Aim of the exercise
Your job is to set down the stretch of entries that opens with the line containing "Isononil isononanoato, polideceno" and closes with the line containing "小椋寺 柚々心さんの天格は21画の5点!". Keep both end lines, copy each exactly, and add nothing.

-- Opening Marker --

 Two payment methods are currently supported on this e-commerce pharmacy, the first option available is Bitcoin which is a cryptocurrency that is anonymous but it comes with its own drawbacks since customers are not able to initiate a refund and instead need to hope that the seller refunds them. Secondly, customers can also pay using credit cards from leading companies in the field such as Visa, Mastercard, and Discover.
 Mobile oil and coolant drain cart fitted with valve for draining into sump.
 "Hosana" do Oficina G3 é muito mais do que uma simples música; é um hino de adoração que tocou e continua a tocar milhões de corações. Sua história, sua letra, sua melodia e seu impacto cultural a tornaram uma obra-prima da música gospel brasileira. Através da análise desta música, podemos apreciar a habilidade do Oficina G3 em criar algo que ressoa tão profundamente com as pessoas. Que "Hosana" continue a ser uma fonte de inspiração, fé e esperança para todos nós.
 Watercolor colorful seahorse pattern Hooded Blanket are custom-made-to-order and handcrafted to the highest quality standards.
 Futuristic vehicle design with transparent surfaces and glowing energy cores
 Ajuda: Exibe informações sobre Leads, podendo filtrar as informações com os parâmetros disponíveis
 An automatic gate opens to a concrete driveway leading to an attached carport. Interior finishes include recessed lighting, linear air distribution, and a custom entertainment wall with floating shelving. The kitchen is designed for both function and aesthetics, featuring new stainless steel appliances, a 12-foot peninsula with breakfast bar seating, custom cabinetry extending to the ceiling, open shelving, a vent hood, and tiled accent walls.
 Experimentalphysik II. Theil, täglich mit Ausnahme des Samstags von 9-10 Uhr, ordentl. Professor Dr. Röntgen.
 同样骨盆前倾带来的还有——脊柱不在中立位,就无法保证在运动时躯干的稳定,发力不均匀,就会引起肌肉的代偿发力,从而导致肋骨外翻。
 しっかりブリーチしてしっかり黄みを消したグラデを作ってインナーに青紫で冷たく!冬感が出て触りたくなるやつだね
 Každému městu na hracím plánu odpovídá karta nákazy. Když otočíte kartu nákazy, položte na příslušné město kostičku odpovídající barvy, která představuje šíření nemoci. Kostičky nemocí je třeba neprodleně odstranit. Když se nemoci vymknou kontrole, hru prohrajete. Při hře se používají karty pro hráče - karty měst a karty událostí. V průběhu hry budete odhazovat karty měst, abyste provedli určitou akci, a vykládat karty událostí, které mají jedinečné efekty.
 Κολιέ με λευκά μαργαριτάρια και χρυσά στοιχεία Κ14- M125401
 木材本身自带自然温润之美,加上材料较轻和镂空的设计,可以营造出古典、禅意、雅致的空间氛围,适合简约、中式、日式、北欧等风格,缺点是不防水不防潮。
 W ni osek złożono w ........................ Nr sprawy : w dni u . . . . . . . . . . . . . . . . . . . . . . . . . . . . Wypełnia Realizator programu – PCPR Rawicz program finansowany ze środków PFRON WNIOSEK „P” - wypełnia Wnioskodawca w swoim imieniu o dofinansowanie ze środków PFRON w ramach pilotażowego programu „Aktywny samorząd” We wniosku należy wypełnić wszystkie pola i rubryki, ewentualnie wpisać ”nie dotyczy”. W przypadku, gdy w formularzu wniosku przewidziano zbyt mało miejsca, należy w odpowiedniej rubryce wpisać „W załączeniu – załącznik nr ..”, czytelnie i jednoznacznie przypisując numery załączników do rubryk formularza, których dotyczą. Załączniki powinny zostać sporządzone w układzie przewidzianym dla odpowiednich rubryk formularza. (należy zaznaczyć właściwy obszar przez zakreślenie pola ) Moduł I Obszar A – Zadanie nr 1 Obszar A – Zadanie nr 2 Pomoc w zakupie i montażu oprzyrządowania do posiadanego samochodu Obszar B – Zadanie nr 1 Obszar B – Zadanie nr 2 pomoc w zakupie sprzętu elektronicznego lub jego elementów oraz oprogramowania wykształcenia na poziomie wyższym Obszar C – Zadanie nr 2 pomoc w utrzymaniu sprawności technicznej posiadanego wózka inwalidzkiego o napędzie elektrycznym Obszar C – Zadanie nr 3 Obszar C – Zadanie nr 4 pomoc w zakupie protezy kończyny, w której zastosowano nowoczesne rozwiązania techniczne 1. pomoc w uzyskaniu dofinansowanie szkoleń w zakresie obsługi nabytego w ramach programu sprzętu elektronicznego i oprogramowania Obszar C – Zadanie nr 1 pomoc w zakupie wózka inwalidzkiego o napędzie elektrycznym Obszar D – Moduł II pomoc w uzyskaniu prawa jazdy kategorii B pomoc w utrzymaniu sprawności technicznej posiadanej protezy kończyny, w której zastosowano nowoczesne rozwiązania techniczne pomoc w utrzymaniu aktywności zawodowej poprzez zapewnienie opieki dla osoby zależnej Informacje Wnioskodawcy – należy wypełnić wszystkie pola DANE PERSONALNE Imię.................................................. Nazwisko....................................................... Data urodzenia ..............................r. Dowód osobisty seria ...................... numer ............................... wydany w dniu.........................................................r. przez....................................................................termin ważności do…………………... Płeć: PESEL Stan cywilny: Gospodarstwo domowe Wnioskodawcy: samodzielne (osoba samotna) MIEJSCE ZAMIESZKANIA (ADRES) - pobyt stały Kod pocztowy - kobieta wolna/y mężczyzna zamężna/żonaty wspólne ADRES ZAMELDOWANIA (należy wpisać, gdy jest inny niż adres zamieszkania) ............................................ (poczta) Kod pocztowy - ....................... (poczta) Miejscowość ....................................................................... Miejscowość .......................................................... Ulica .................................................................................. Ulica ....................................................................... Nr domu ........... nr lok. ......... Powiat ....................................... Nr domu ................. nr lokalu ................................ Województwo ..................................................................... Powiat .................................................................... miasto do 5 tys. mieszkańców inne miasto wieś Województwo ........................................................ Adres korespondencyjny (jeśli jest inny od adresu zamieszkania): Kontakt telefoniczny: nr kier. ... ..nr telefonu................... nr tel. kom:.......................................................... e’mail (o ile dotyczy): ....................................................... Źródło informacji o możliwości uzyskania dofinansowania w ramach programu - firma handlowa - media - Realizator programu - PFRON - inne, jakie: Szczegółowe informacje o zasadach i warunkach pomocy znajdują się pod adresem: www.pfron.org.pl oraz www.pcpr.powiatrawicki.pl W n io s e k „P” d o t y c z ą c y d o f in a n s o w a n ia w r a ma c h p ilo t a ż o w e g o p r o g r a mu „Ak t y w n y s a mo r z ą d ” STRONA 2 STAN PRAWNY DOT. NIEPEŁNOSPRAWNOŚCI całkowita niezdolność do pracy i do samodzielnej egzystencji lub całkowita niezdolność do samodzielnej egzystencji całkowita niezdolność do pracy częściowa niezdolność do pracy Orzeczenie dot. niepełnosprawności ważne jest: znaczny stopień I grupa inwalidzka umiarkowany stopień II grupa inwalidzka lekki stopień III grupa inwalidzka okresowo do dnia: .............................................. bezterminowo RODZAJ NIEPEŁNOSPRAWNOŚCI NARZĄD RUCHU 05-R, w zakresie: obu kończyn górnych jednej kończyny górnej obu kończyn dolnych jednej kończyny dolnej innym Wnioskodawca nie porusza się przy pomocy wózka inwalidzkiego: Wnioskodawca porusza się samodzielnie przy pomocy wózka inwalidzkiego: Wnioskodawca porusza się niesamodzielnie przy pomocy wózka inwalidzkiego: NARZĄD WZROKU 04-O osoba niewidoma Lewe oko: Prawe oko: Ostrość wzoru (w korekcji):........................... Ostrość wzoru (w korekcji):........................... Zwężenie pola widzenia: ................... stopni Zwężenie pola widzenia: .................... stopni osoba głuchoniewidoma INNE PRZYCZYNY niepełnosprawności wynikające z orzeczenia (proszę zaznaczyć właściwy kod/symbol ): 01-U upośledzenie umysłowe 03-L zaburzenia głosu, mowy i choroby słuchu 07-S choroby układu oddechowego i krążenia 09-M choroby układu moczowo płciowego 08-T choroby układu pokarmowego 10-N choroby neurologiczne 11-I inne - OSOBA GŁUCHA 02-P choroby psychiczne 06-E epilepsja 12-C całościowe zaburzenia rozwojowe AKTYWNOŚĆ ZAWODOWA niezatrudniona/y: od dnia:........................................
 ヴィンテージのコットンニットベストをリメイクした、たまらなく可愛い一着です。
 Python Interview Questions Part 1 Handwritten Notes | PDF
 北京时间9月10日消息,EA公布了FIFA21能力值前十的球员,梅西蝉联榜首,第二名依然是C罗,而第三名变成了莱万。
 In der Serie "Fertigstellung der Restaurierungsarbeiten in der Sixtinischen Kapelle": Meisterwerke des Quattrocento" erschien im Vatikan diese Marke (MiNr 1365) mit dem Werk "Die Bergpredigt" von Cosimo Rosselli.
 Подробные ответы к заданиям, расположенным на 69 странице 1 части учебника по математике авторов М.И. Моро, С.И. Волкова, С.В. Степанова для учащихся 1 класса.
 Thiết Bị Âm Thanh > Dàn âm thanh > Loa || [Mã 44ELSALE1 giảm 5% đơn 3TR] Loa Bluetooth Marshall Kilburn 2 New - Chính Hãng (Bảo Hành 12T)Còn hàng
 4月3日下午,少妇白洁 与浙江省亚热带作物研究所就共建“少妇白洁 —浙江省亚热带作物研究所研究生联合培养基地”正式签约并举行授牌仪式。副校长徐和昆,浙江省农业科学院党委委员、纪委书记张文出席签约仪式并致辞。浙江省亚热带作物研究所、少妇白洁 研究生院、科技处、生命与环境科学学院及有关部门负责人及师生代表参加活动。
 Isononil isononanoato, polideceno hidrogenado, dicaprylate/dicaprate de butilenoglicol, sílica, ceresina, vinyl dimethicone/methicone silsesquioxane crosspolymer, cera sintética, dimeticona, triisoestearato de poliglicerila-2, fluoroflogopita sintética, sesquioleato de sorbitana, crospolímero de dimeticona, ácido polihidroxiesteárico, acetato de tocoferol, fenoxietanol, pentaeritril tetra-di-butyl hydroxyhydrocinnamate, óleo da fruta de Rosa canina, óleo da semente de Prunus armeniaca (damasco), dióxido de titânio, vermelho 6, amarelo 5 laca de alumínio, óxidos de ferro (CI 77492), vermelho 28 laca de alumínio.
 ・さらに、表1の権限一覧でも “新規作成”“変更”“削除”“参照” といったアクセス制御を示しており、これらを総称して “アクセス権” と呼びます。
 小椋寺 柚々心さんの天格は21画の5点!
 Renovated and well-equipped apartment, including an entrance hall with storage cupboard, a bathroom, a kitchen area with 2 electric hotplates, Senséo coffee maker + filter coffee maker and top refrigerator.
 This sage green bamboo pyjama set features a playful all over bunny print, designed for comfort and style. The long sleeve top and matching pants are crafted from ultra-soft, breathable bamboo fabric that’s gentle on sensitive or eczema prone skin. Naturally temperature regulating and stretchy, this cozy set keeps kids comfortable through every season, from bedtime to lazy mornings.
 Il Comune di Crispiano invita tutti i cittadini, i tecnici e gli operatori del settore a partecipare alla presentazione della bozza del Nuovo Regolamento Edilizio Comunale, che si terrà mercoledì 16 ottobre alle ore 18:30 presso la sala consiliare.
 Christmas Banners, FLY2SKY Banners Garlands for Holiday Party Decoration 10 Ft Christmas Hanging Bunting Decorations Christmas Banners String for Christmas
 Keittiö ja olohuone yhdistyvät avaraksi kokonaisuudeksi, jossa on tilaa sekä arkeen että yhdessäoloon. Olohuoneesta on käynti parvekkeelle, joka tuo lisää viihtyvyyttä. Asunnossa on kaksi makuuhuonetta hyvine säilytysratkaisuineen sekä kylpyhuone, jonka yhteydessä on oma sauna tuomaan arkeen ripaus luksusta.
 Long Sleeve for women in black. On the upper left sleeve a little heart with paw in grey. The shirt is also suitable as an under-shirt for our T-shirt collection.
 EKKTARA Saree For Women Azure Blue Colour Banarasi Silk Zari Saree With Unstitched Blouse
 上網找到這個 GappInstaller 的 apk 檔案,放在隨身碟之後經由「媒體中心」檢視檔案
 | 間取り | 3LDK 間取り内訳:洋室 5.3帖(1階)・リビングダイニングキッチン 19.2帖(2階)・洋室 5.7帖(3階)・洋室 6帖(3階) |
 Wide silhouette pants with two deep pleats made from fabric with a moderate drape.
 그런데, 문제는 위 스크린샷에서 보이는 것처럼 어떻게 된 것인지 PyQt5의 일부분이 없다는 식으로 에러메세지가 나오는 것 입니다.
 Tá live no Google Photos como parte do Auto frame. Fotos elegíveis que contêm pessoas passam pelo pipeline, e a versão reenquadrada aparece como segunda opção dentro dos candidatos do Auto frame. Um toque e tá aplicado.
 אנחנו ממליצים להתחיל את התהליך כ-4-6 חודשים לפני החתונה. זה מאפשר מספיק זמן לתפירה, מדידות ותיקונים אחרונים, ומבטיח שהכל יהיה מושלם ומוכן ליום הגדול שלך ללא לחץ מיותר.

-- Closing Marker --

Task response
 Isononil isononanoato, polideceno hidrogenado, dicaprylate/dicaprate de butilenoglicol, sílica, ceresina, vinyl dimethicone/methicone silsesquioxane crosspolymer, cera sintética, dimeticona, triisoestearato de poliglicerila-2, fluoroflogopita sintética, sesquioleato de sorbitana, crospolímero de dimeticona, ácido polihidroxiesteárico, acetato de tocoferol, fenoxietanol, pentaeritril tetra-di-butyl hydroxyhydrocinnamate, óleo da fruta de Rosa canina, óleo da semente de Prunus armeniaca (damasco), dióxido de titânio, vermelho 6, amarelo 5 laca de alumínio, óxidos de ferro (CI 77492), vermelho 28 laca de alumínio.
 ・さらに、表1の権限一覧でも “新規作成”“変更”“削除”“参照” といったアクセス制御を示しており、これらを総称して “アクセス権” と呼びます。
 小椋寺 柚々心さんの天格は21画の5点!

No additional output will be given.